1. Rationalizing the Need for More Efficient Supply Chain Practices in the Agricultural Sector
Over the last ten years, there has been a huge growth in imported food items into Pakistan, including cheese, fruits, canned food products, processed livestock, exotic vegetables and fruits, and many other agricultural products due to a performance gap — shortcomings in existing practices, particularly with respect to technological developments at global level.
The horticulture part is vulnerable to significant levels of off-farm damages. Most natural products such as vegetables etc., are profoundly short-lived, and if care isn't taken in their collection, preservation, storage and transport, they before long rot and cannot be utilized by humans. Assessments of post-harvest losses in Pakistan are tremendous and a few specialists put these as high as 40% of the total cultivated produce. These losses of the agribusiness products in Pakistan has been a significant obstruction to the improvement of the local horticulture esteem chain (USAID Workshop,, Karachi- List of Challenges, n.d.).
Intermediate storage facilities play a critical role in preserving the quality of post-harvest products. These not only decouple distribution from production but also ensure a buffer that helps level off demand and supply mismatches. An adequate buffer of commodity crops also stabilizes price volatility. While storage facilities can be constructed or provided at pre-defined locations, it makes more economic sense to integrate them into the broader context of the overall design of the agriculture supply chain network. This network may be region specific that allows for carefully identifying and incorporating into the design all possible cost elements and logistics constraints that impact profitability.
Temperature and relative humidity are said to be the two most important environmental factors influencing the quality and storage life of fresh produce. Safe storage and transient purposes are well served if the stipulated ambient conditions are maintained. In the absence of cold storage and related cold chain facilities, the farmers are forced to sell their produce immediately after harvest which results in glut situations and low price realization. Cold chain infrastructure for fruits and vegetables can substantially improve storage quality and reduce wastage.
Currently, no such technology is in use especially with respect to the overall supply chain network design. In fact, supply chain analytics and optimization software hardly find their presence in most higher education institutions in the country. Further, while solar technology has been incentivized locally in recent years, its more regulated design in food storage applications is yet to be tested. The initial proposition of the authors relies heavily on its evidence in several Asian and African countries, more specifically like India and Kenya. But Pakistan has the base infrastructure for indigenously manufacturing most of the design components of solar-powered systems envisaged in this chapter.
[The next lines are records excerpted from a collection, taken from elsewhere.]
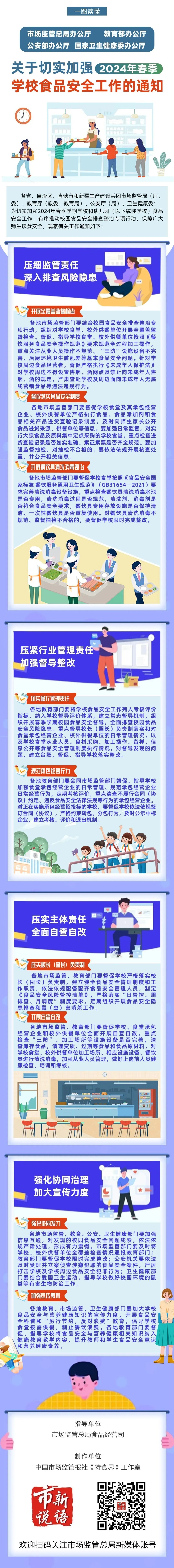 市场监管总局、教育部、公安部、国家卫生健康委近日联合印发《关于切实加强2024年春季学校食品安全工作的通知》,结合校园食品安全排查整治专项行动,部署开展全覆盖监督检查,深入排查校园食品安全风险隐患,保障广大师生饮食安全。具体内容一起了解——
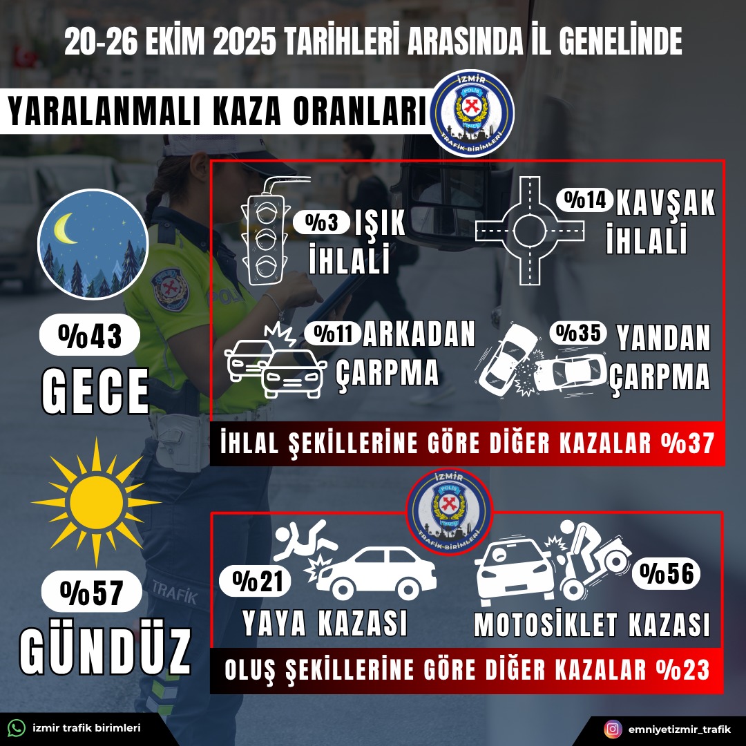 İzmir Trafik Birimlerinin haftalık denetimlerine göre motosiklet kazaları, İzmir'deki trafik kazalarının yüzde 56’sını oluşturuyor. İzmir'de kazaların yüzde 57’si gündüz saatlerinde, yüzde 43’ü ise gece gerçekleşti.
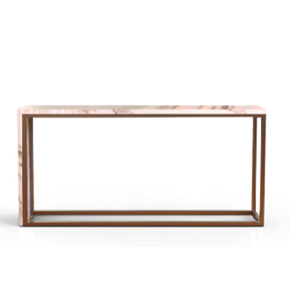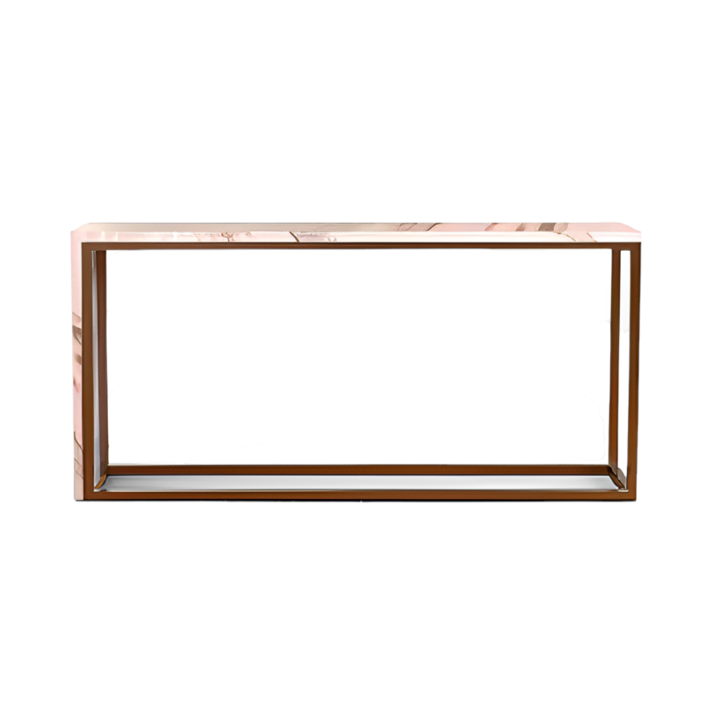 — Финиш из нержавеющей стали и матового розового золота: Стильные ножки из нержавеющей стали с матовым покрытием в оттенке розового золота добавляют современный штрих и отлично сочетаются с мраморной столешницей, создавая гармоничный общий вид.
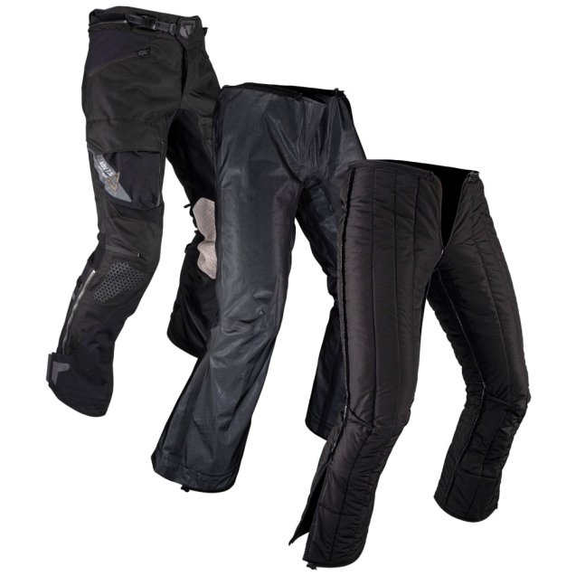 Мотоштани ADV MultiTour 7.5 — універсальні всесезонні штани для тривалих подорожей у мінливу погоду з сертифікатом EN 17092-3-2020, клас AA. Знімний водонепроникний вкладиш HydraDri EVO (30 000 мм / 30 000 г/м²) та знімний термовкладиш дозволяють адаптувати штани під умови їзди. Захист стегон і колін 3DF CE рівень 2, наколінники регулюються по висоті на 5 см. Основна оболонка Leatt RipStop посилена матеріалом Superfabric у критичних зонах. Шкіра на внутрішній частині колін підвищує зчеплення та зносостійкість. Вентиляція через блискавки спереду та ззаду на ногах. Великі водонепроникні кишені на стегнах та кишені для рук із блискавками. Штани з'єднуються з курткою через довгу стикувальну блискавку. Регулювання пояса, литки та гомілки для оптимальної посадки. Знімні підтяжки в комплекті. Світловідбивні елементи для безпеки в темряві. Доступні в короткій довжині ноги.
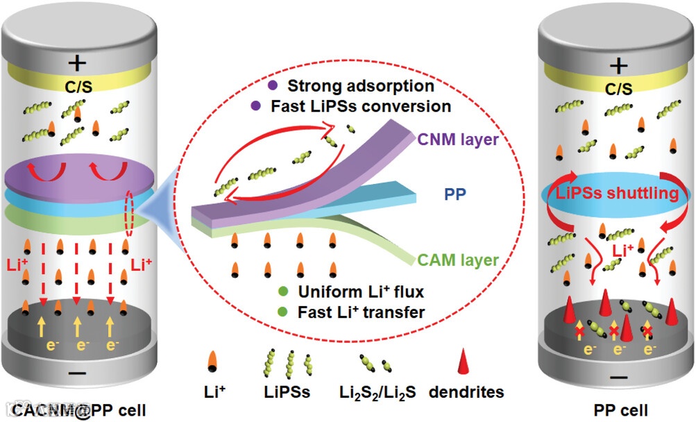 图1. CACNM@PP 示意图及其作为Li-S 电池隔膜的优势。
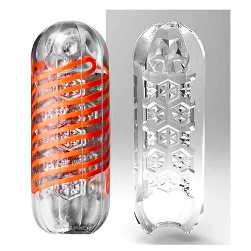 Transparenter, wiederverwendbarer Masturbator mit integrierter Spule, die bei Penetration den Masturbator ins Drehen versetzt (Internal Coil Mechanism). Ausgeprägt reizstrukturierter Lustkanal.
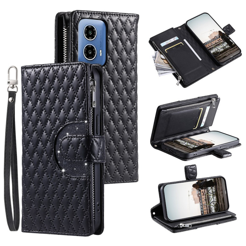 a portafoglio per il Motorola Moto G45 5G / G34 5G. Realizzata in pelle PU di alta qualità, offre una protezione completa con un design unico a rombi.
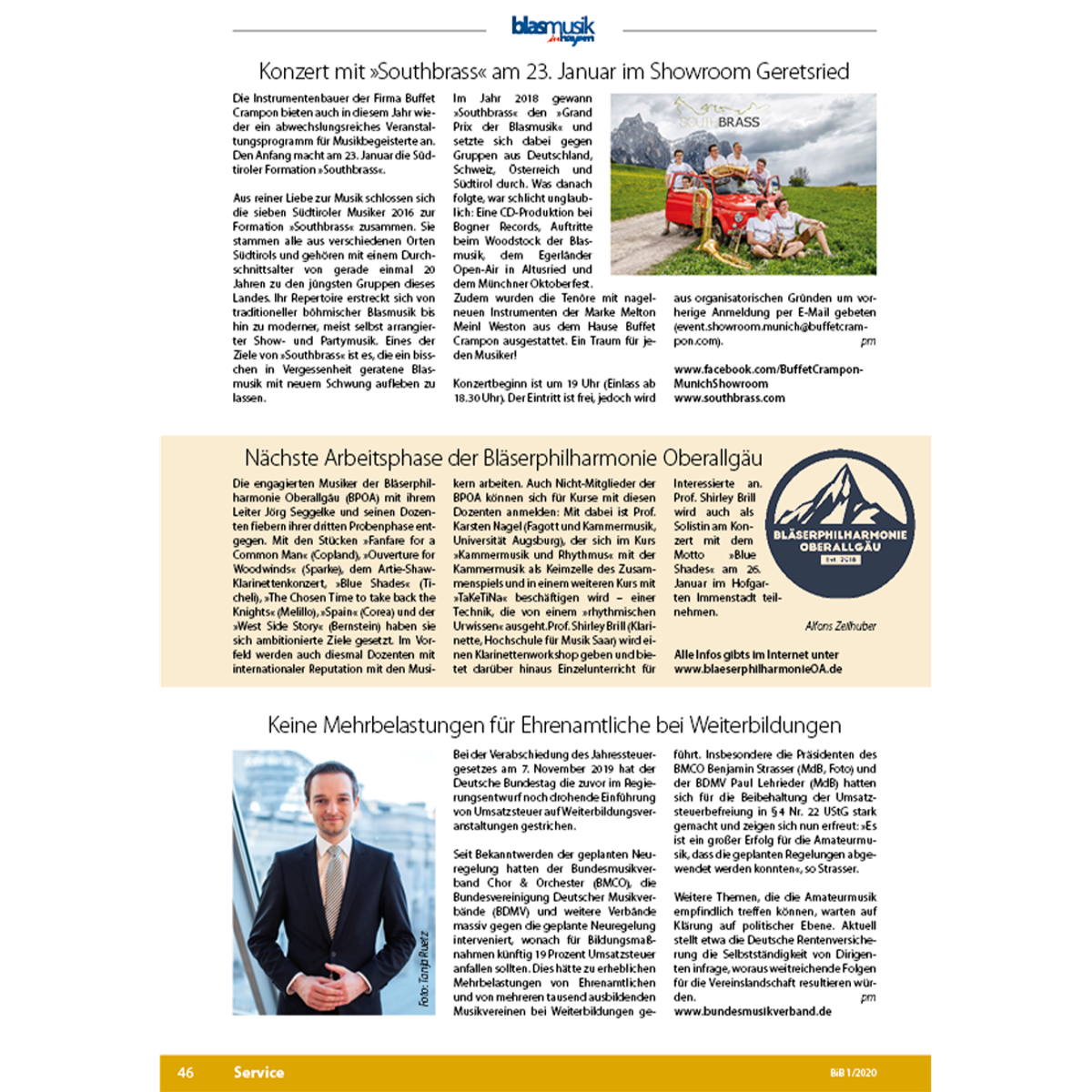 Die „Blasmusik in Bayern“ ist dabei nicht nur die Informationsplattform für die Verbände, auf der sie vor allem mit der Digitalausgabe ihre Vereine und Musiker ganz direkt erreichen können. Vielmehr bietet das Magazin in der Online-Ausgabe auch allen bayerischen Musikkapellen und -vereinen die Möglichkeit, die Blasmusikfamilie über ihre Aktivitäten zu informieren. Konzertberichte, Kapellenporträts, Fotos von Musikerhochzeiten oder Orchesterreisen haben in der „Blasmusik in Bayern“ ebenso ihren Platz wie Berichte über die großen Wettbewerbe der Verbände oder über deren politischen Bemühungen.

In developing the entire proposed framework, it will be imperative to restrict the mathematical model to just a limited combination of farms, markets, storage sites, and products for any specific region. This will be unavoidable since comprehensive data will not be available without detailed site visits targeting growers, transporters, and customers. Also, large scale models require software that are only available commercially. However, the beauty of mathematical modeling is its ability to expand in scope without involving additional modeling logic. Once a scaled-down version has been validated, it becomes relatively easy to incorporate many other routes, costs and constraints into the model.